▶ **Task goal**: Within the material below, transcribe exactly the lines from the one holding "A equipe de Tiro ao Alvo de Campeão" through the one holding "チラシの配布と市ホームページへ掲載", keeping both ends and skipping the rest.

▶ **Data**:

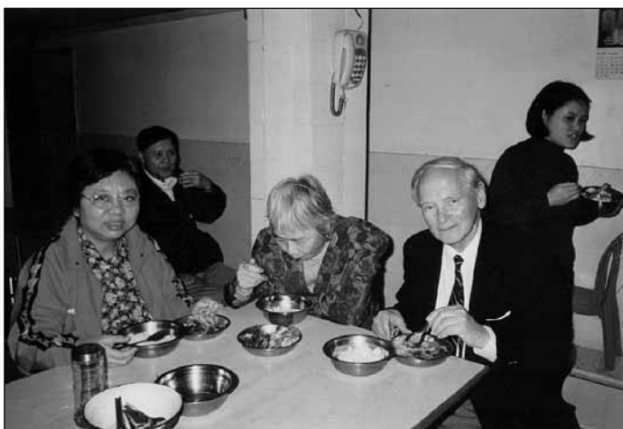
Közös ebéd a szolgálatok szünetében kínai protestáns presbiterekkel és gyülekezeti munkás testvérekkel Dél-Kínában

==

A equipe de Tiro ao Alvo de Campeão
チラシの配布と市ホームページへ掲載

▶ **Problem solution**:
A equipe de Tiro ao Alvo de Campeão
チラシの配布と市ホームページへ掲載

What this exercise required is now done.